### WHAT IS BEING ASKED
Below are entries to reproduce exactly, apart from their pictures.
▼
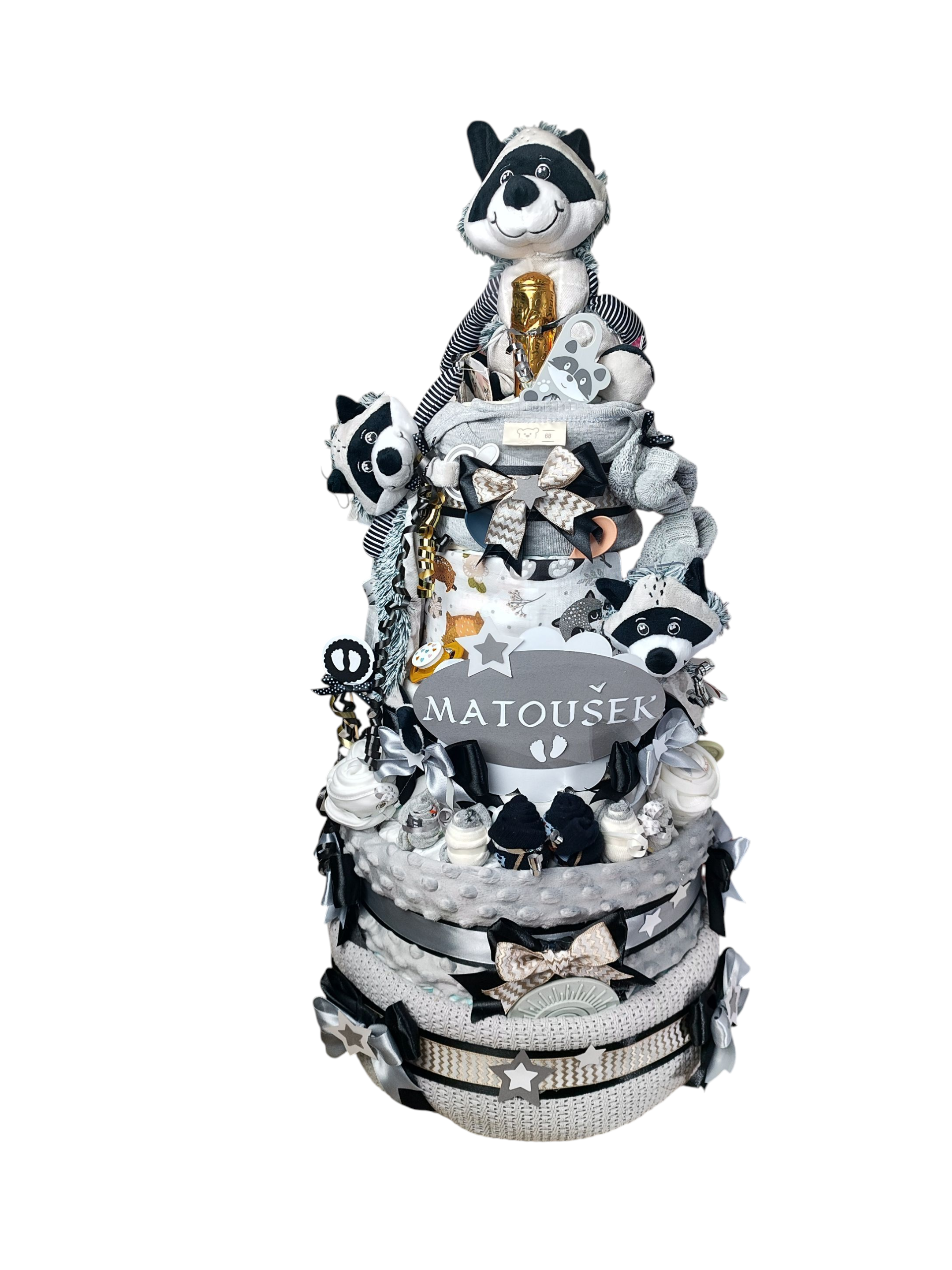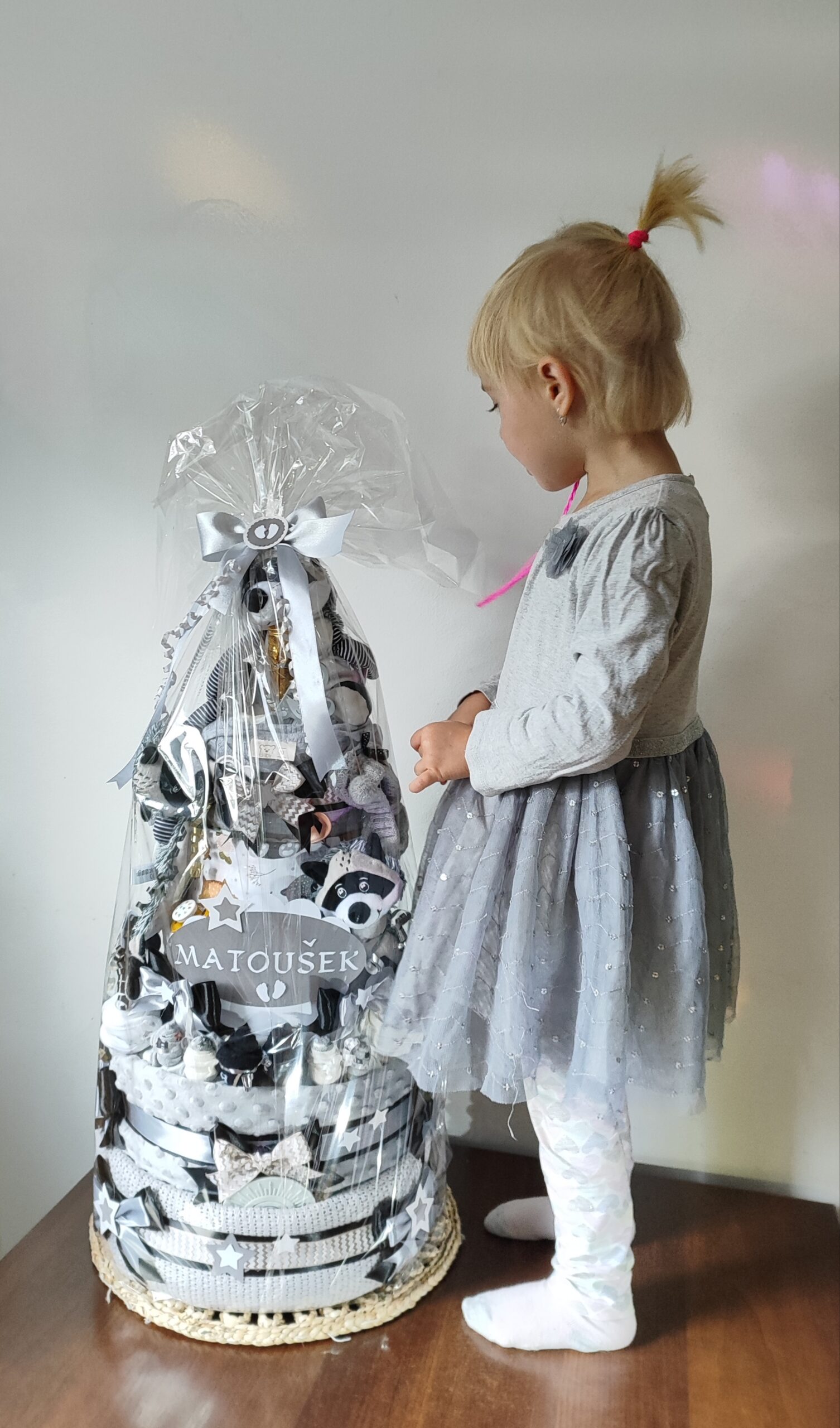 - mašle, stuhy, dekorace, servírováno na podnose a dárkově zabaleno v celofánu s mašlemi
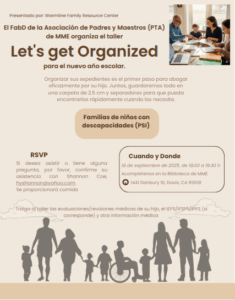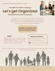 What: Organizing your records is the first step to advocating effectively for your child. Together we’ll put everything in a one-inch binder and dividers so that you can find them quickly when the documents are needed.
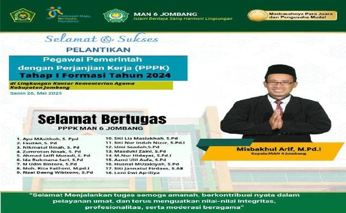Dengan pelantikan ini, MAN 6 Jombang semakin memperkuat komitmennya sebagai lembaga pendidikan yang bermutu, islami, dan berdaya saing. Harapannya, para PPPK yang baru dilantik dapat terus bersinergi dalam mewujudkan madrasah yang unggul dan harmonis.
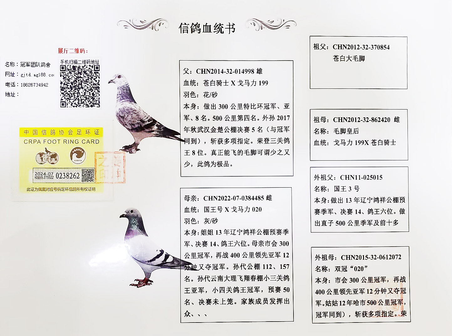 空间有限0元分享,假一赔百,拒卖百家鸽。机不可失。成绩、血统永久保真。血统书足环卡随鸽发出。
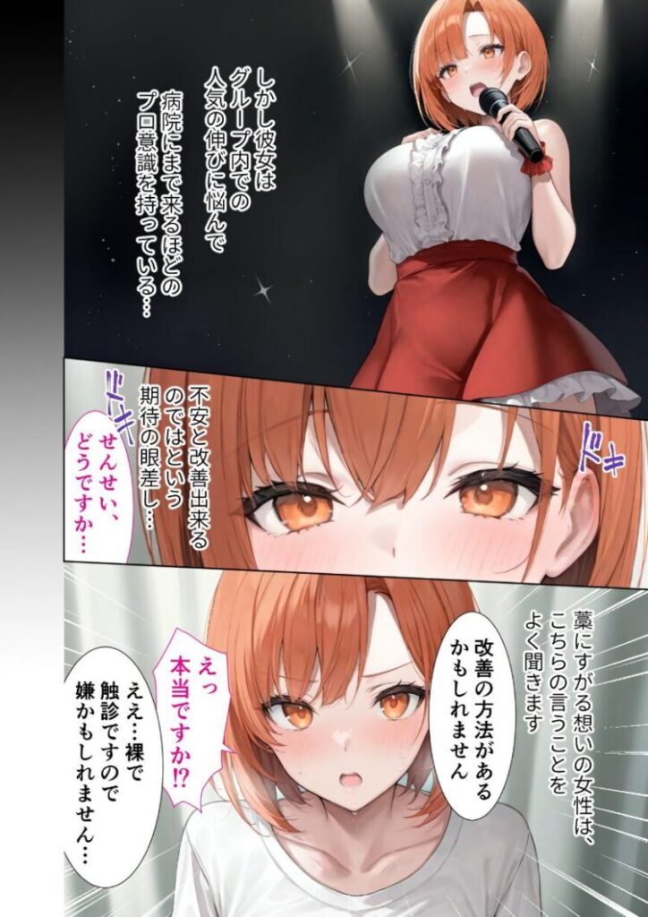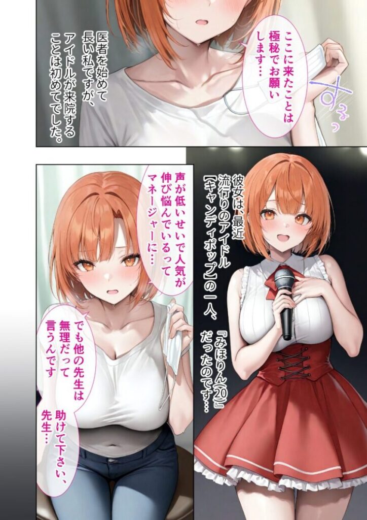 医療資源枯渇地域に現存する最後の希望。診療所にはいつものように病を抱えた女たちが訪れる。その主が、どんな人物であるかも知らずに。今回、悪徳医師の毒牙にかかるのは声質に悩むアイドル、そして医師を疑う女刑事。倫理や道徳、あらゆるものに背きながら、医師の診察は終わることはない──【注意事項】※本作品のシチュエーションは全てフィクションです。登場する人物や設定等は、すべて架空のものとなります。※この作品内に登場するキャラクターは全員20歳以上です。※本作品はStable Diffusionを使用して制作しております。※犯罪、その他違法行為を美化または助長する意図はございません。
▲
### YOUR SOLUTION
 - mašle, stuhy, dekorace, servírováno na podnose a dárkově zabaleno v celofánu s mašlemi
 What: Organizing your records is the first step to advocating effectively for your child. Together we’ll put everything in a one-inch binder and dividers so that you can find them quickly when the documents are needed.
Dengan pelantikan ini, MAN 6 Jombang semakin memperkuat komitmennya sebagai lembaga pendidikan yang bermutu, islami, dan berdaya saing. Harapannya, para PPPK yang baru dilantik dapat terus bersinergi dalam mewujudkan madrasah yang unggul dan harmonis.
 空间有限0元分享,假一赔百,拒卖百家鸽。机不可失。成绩、血统永久保真。血统书足环卡随鸽发出。
 医療資源枯渇地域に現存する最後の希望。診療所にはいつものように病を抱えた女たちが訪れる。その主が、どんな人物であるかも知らずに。今回、悪徳医師の毒牙にかかるのは声質に悩むアイドル、そして医師を疑う女刑事。倫理や道徳、あらゆるものに背きながら、医師の診察は終わることはない──【注意事項】※本作品のシチュエーションは全てフィクションです。登場する人物や設定等は、すべて架空のものとなります。※この作品内に登場するキャラクターは全員20歳以上です。※本作品はStable Diffusionを使用して制作しております。※犯罪、その他違法行為を美化または助長する意図はございません。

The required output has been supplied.